If feature scaling is applied before splitting, then your machine learning model will be training on your test set.

But test set is not supposted to be worked with for the traning, it should remain completely untouched by the model. (should remain completely new to the model so it can be used to determine accuracy of the model)

feature scaling will get the mean and standard deviation of your feature, in order to perform the scaling.
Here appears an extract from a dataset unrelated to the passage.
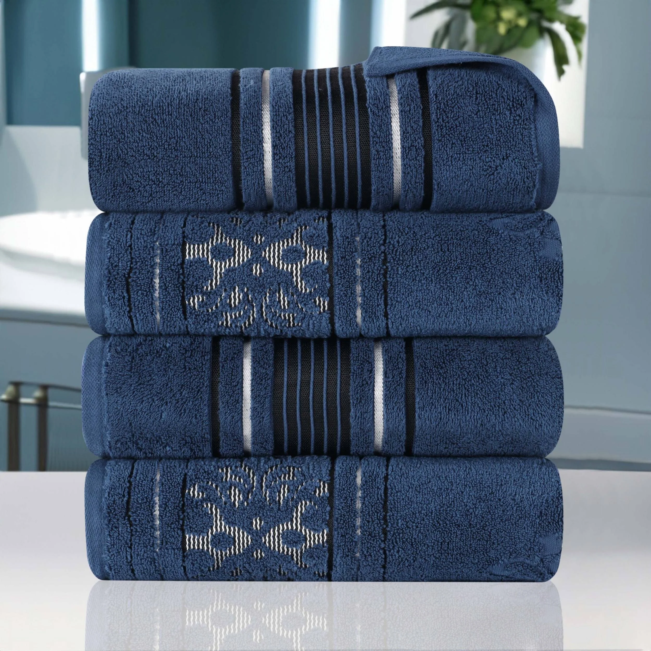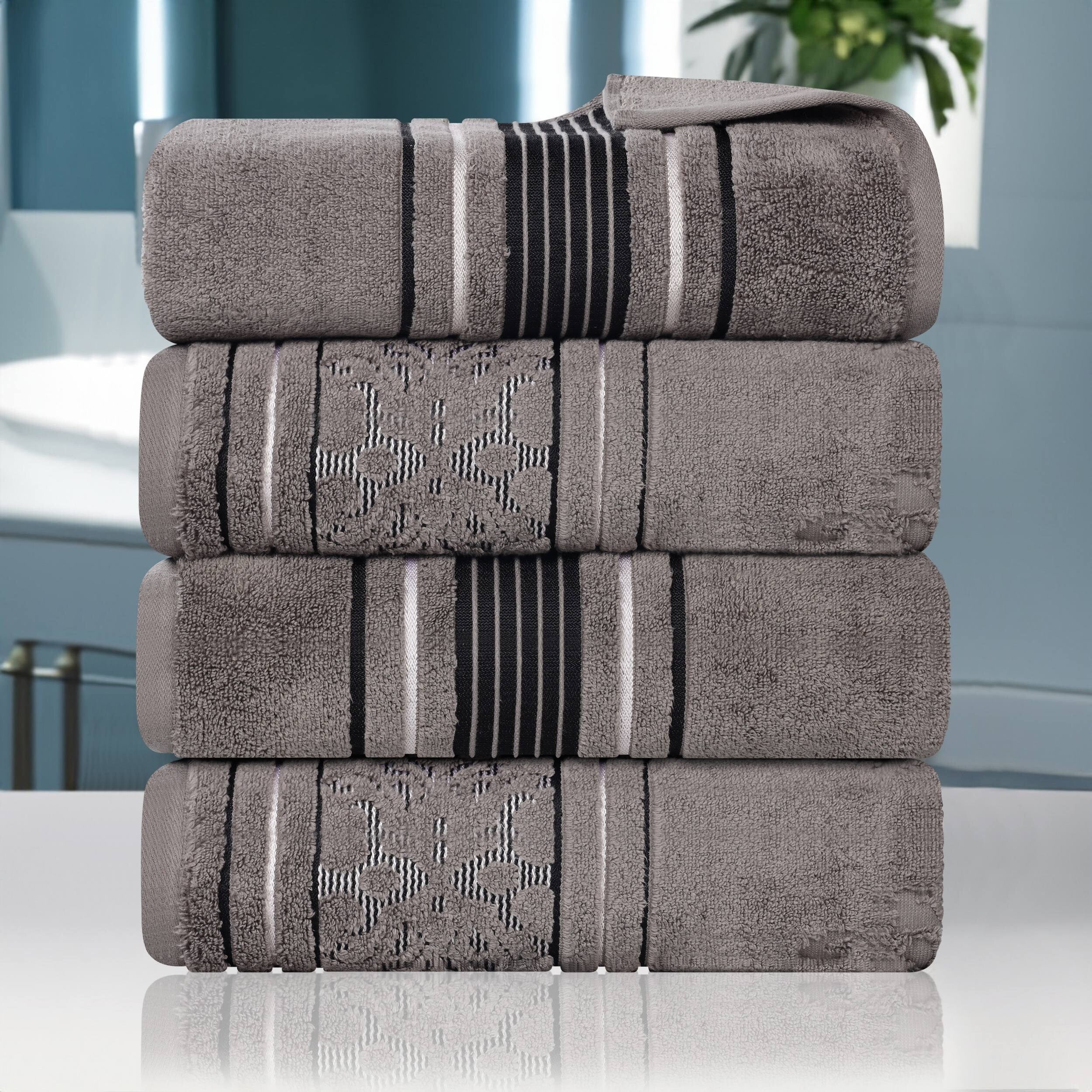 Superior Sadie Zero Twist Cotton Solid and Floral Bath Towel Set of 4

So, if we apply feature scaling before the split, then it will get the mean and the standard deviation of all the values, including the one's in the test set.

So, applying Feature Scaling before Splitting will cause some information leakage on the test set. 

we want our model to be tested on completely new observations.

### Conclusion

you should not apply feature scaling before the split to prevent information leakage on the test set, which you are not supposed to have until the training is done.